━━ Dataset extract

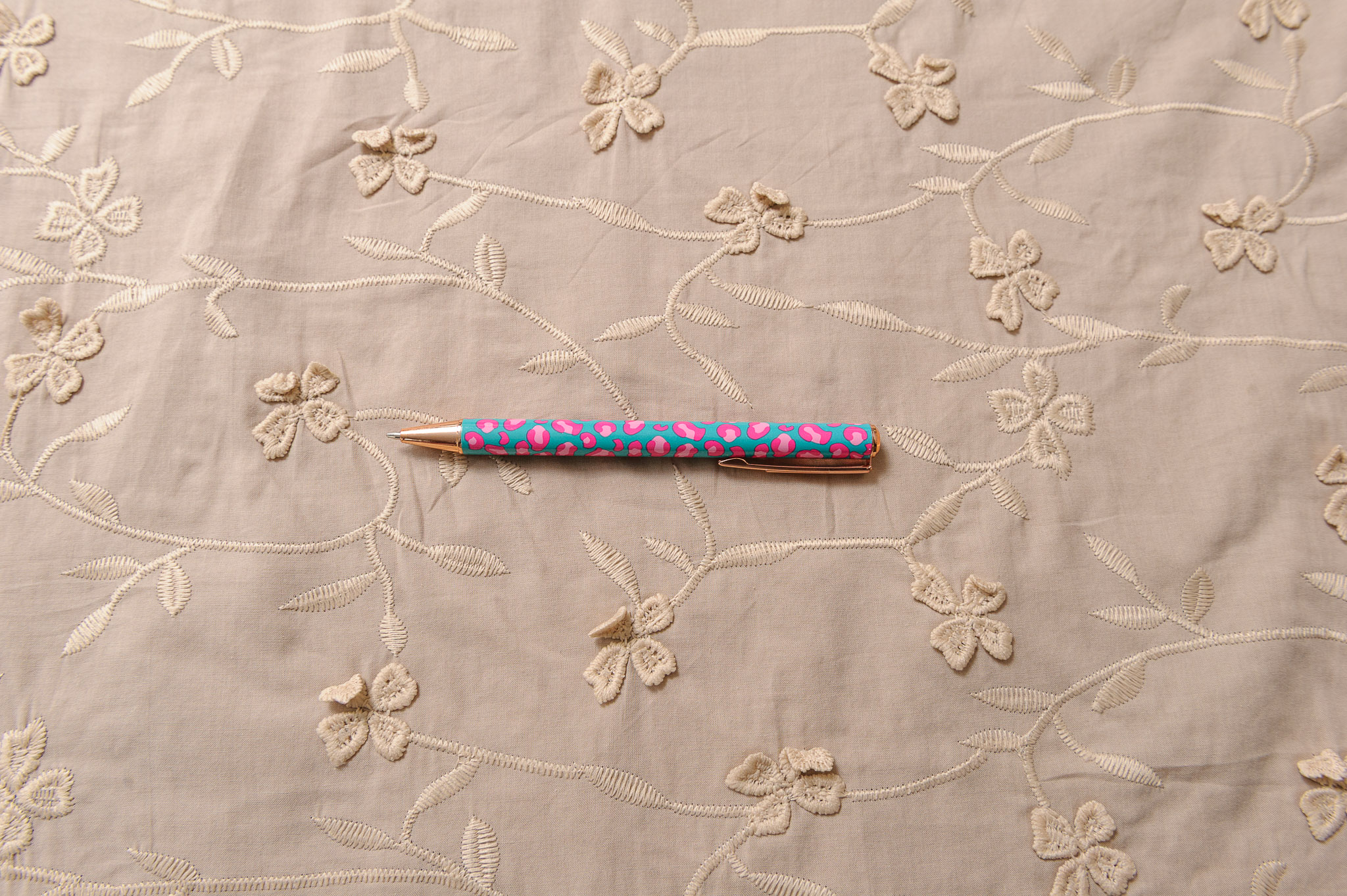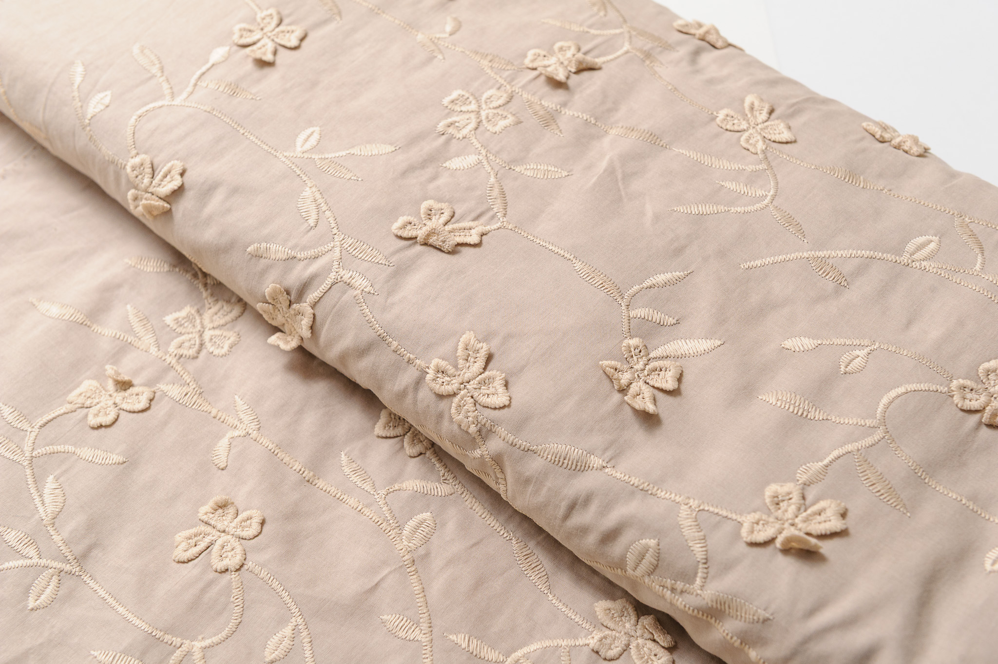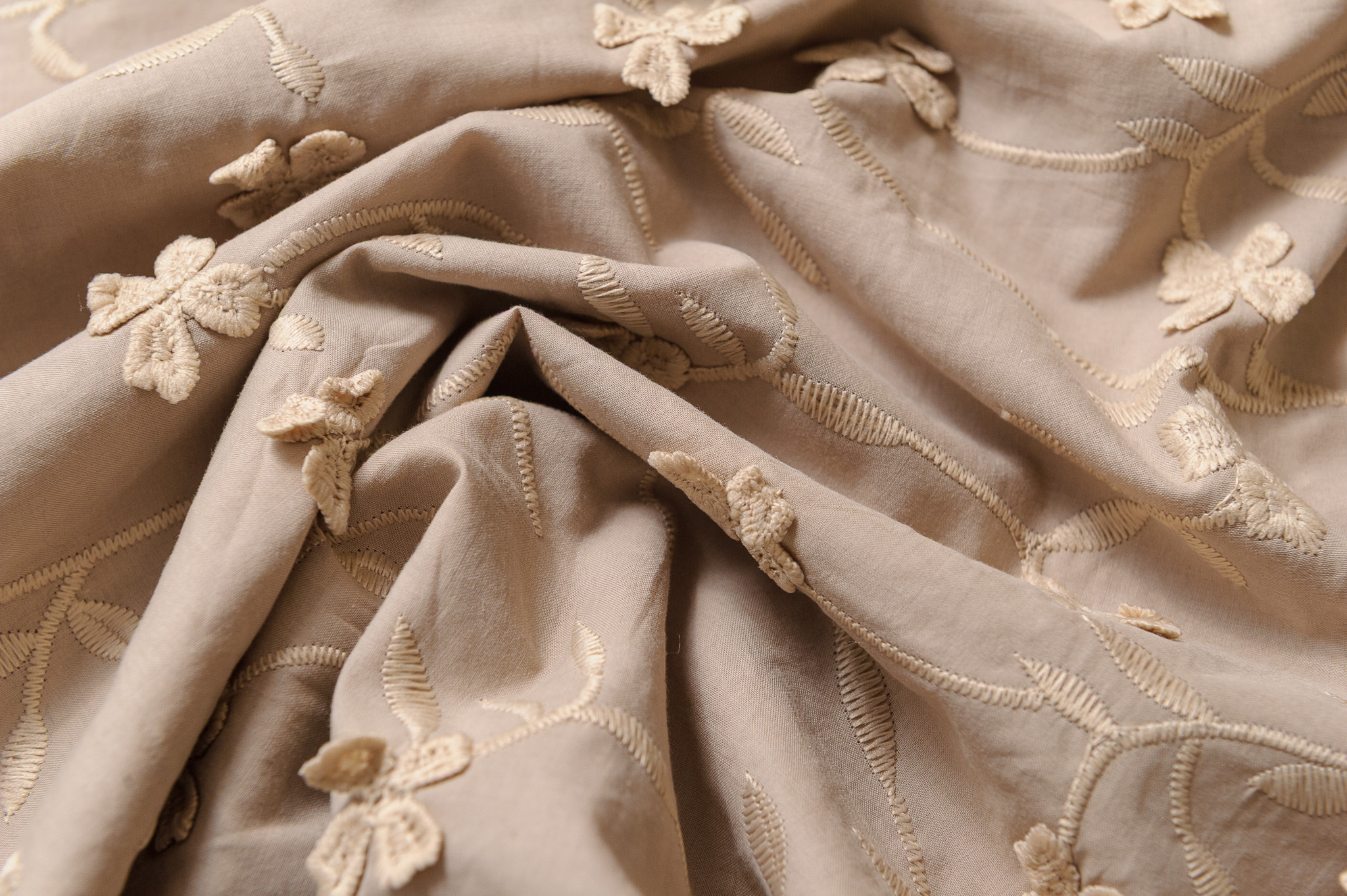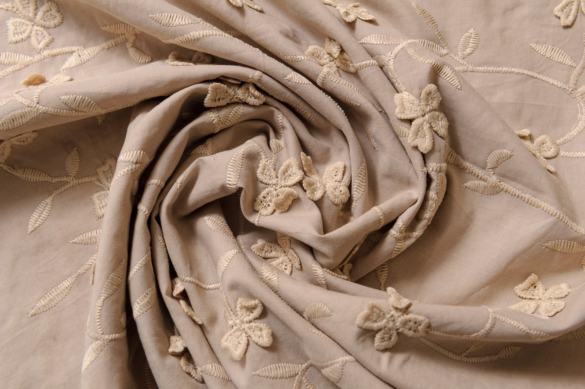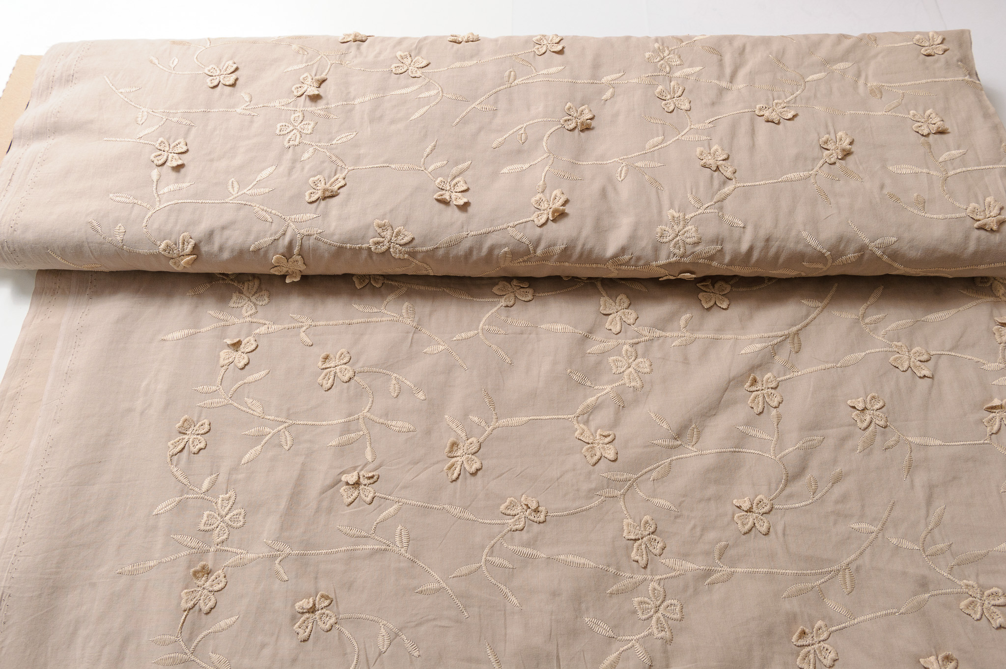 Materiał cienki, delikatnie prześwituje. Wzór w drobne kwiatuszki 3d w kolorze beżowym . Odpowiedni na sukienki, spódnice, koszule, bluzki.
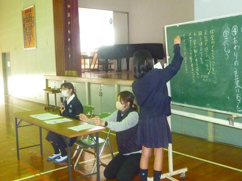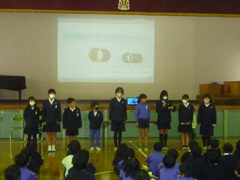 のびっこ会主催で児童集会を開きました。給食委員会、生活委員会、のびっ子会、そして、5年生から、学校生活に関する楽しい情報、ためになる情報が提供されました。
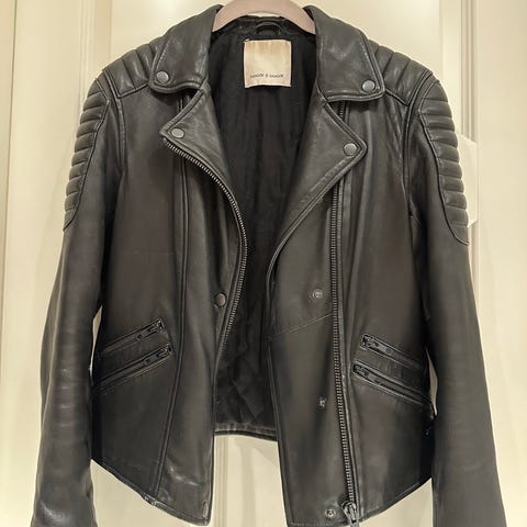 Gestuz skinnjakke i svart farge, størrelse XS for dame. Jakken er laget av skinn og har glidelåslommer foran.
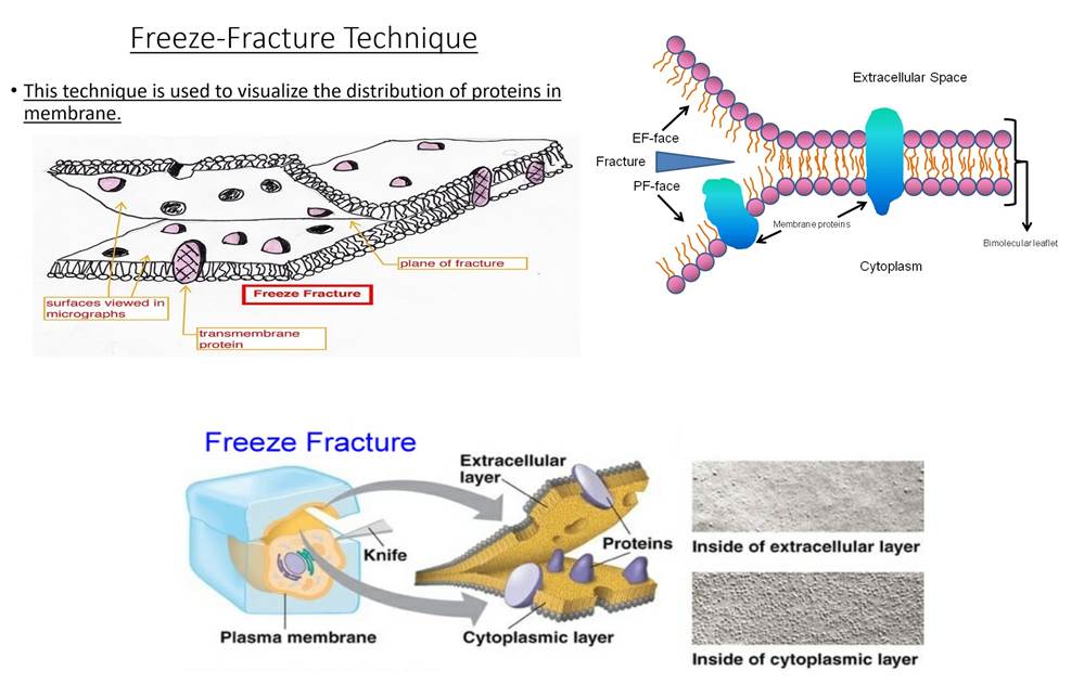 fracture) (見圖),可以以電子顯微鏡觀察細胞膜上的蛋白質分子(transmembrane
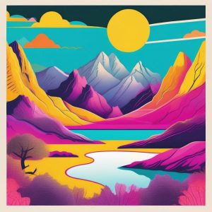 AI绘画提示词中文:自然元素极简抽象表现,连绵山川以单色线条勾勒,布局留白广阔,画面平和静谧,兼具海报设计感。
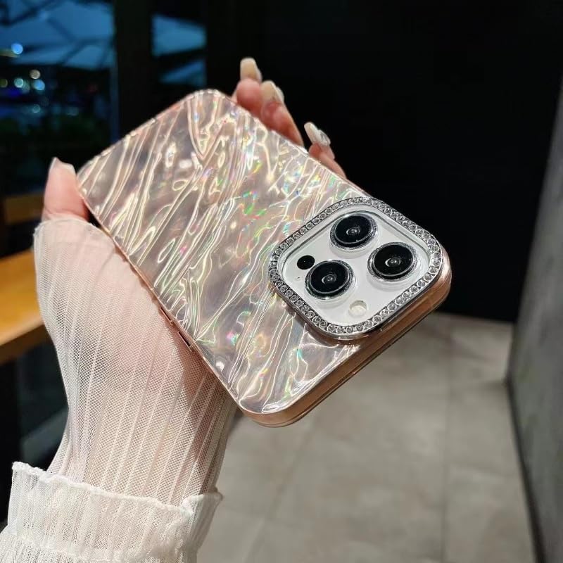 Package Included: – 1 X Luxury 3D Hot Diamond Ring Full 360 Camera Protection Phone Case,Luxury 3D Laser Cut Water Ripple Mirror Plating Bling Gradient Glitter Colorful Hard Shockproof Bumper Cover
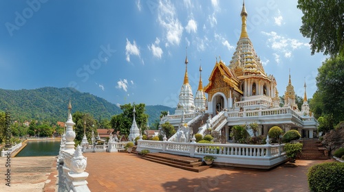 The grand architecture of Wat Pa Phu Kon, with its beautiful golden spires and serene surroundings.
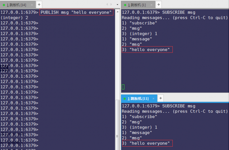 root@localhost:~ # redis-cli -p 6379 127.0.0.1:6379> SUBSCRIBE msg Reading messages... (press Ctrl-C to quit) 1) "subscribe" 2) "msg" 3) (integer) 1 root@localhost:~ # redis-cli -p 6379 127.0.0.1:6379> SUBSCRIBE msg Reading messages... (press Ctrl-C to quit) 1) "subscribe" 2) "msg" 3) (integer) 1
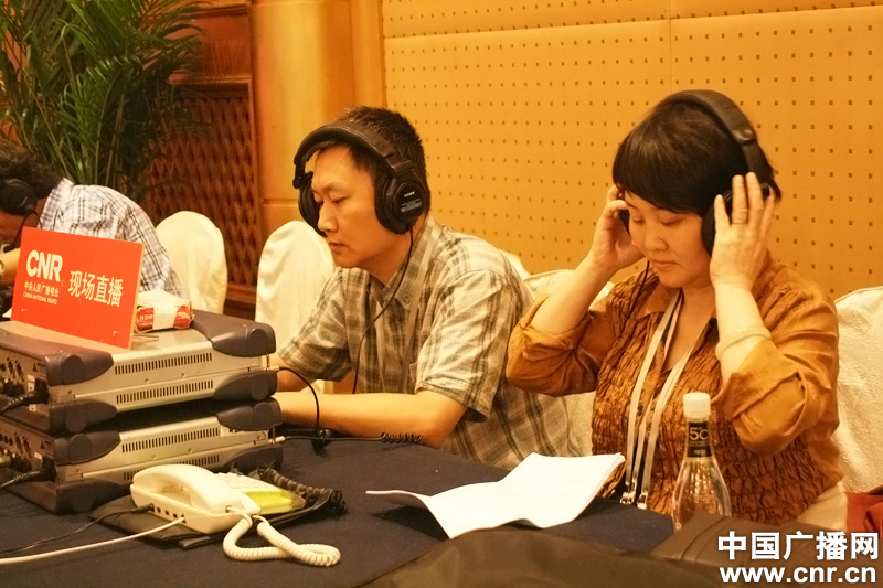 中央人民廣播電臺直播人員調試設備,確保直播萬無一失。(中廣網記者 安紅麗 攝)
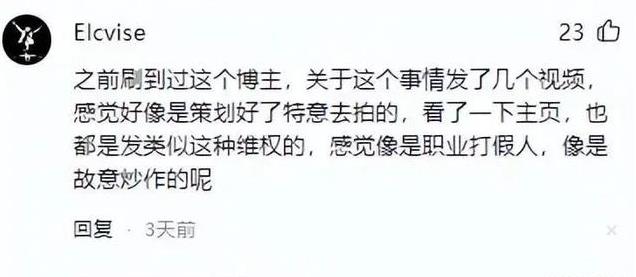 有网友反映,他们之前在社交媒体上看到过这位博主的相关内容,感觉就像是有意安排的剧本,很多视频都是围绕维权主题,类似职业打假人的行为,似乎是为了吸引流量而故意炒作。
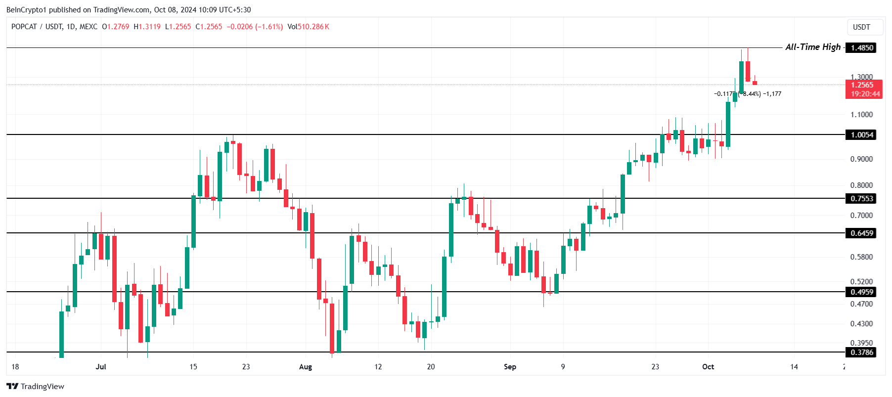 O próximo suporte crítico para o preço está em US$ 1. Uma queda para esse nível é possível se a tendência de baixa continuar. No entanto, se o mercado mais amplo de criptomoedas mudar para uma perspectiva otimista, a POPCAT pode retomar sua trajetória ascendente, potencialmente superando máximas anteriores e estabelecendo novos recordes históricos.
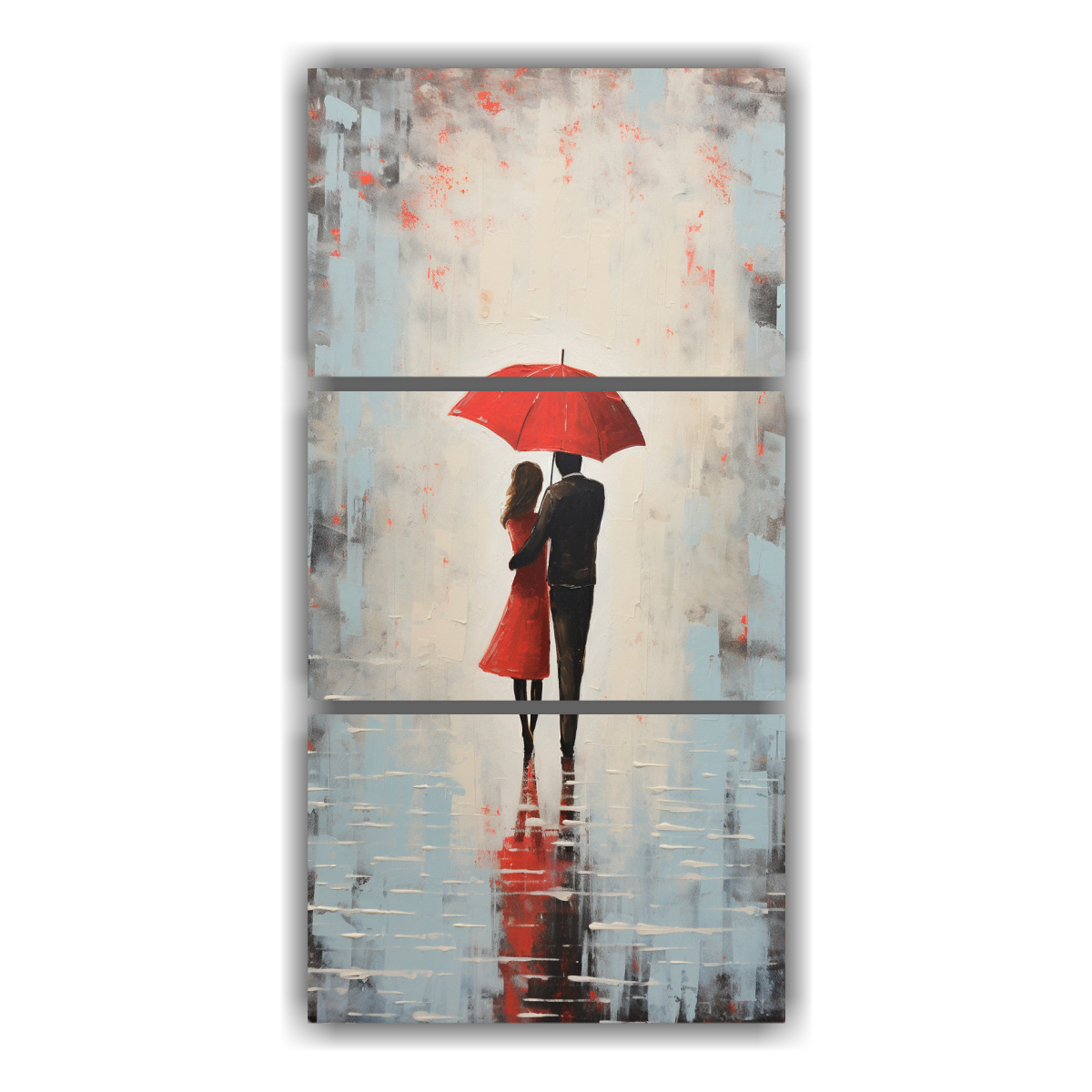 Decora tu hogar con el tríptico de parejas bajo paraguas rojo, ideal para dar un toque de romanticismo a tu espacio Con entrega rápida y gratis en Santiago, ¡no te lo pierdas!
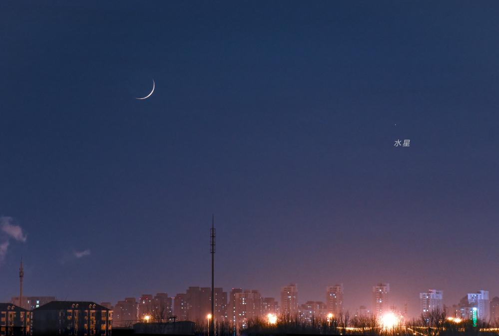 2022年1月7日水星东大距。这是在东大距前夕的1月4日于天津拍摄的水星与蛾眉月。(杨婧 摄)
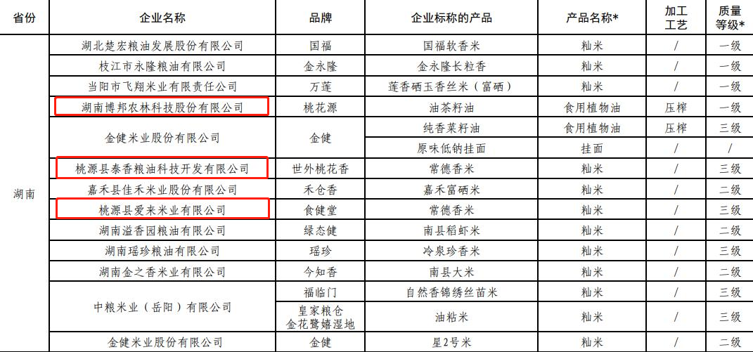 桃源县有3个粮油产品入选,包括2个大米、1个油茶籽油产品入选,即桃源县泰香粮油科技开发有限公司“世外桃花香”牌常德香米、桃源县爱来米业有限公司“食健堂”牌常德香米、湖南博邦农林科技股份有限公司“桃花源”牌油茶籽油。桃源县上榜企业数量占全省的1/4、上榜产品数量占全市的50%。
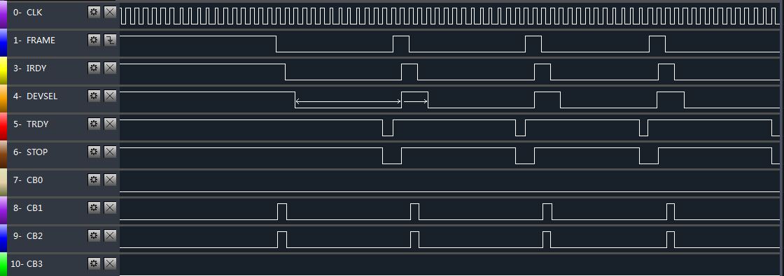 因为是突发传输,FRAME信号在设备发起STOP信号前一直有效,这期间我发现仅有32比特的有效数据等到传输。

━━━━

> [What the exercise asks] For this exercise, repeat word for word only the lines from the one containing "O próximo suporte" through the end of the data, including both. Pictures do not go in the copy.

> [Answer area]
 O próximo suporte crítico para o preço está em US$ 1. Uma queda para esse nível é possível se a tendência de baixa continuar. No entanto, se o mercado mais amplo de criptomoedas mudar para uma perspectiva otimista, a POPCAT pode retomar sua trajetória ascendente, potencialmente superando máximas anteriores e estabelecendo novos recordes históricos.
 Decora tu hogar con el tríptico de parejas bajo paraguas rojo, ideal para dar un toque de romanticismo a tu espacio Con entrega rápida y gratis en Santiago, ¡no te lo pierdas!
 2022年1月7日水星东大距。这是在东大距前夕的1月4日于天津拍摄的水星与蛾眉月。(杨婧 摄)
 桃源县有3个粮油产品入选,包括2个大米、1个油茶籽油产品入选,即桃源县泰香粮油科技开发有限公司“世外桃花香”牌常德香米、桃源县爱来米业有限公司“食健堂”牌常德香米、湖南博邦农林科技股份有限公司“桃花源”牌油茶籽油。桃源县上榜企业数量占全省的1/4、上榜产品数量占全市的50%。
 因为是突发传输,FRAME信号在设备发起STOP信号前一直有效,这期间我发现仅有32比特的有效数据等到传输。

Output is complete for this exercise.